Prompt: Without reproducing any image, print the listing below exactly.

Raw data:
★ ★ ★
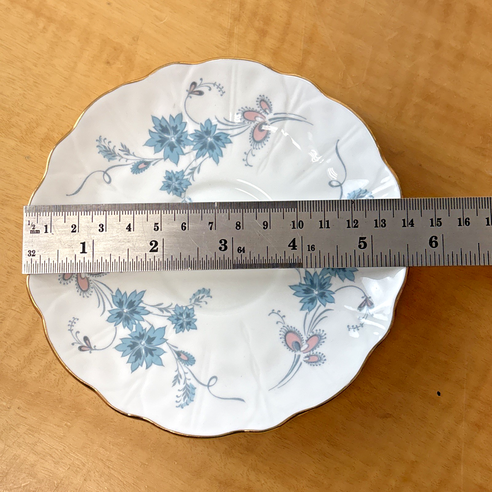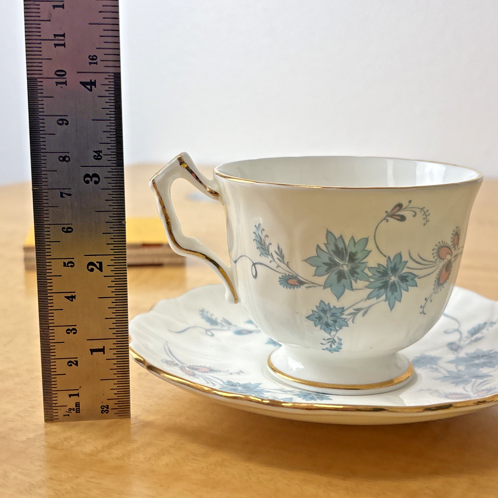 Aynsley Blue & Pink Floral Teacup & Saucer English Bone China
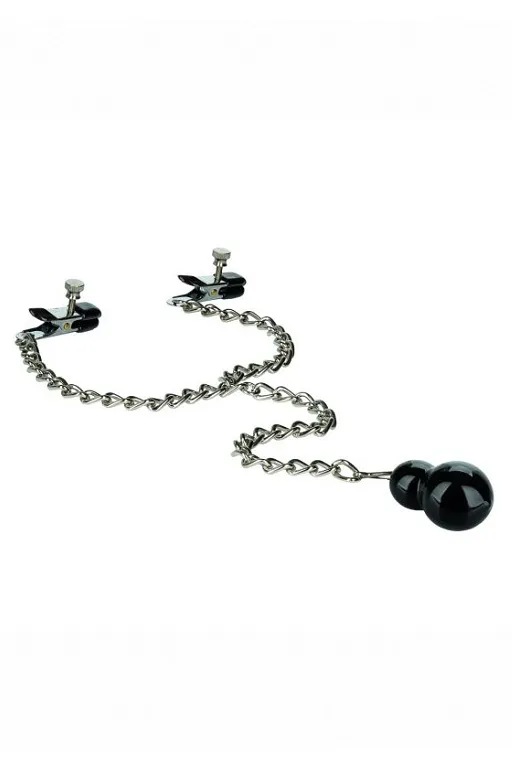 Weighted Dual Tier Nipple Clamps - регулируемые двухуровневые зажимы на соски в виде прищепок и с утяжелителем. Цепочка и зажимы изготовлены из железа. Кончики зажимов оснащены мягкими, удобными подушечками из ПВХ.
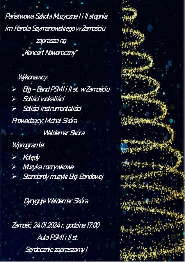 dodano: 11.01.2024Państwowa Szkoła Muzyczna I i II stopnia im. Karola Szymanowskiego w Zamościu zaprasza na „Koncert Noworoczny”
★ ★ ★
Result of this task:
 Aynsley Blue & Pink Floral Teacup & Saucer English Bone China
 Weighted Dual Tier Nipple Clamps - регулируемые двухуровневые зажимы на соски в виде прищепок и с утяжелителем. Цепочка и зажимы изготовлены из железа. Кончики зажимов оснащены мягкими, удобными подушечками из ПВХ.
 dodano: 11.01.2024Państwowa Szkoła Muzyczna I i II stopnia im. Karola Szymanowskiego w Zamościu zaprasza na „Koncert Noworoczny”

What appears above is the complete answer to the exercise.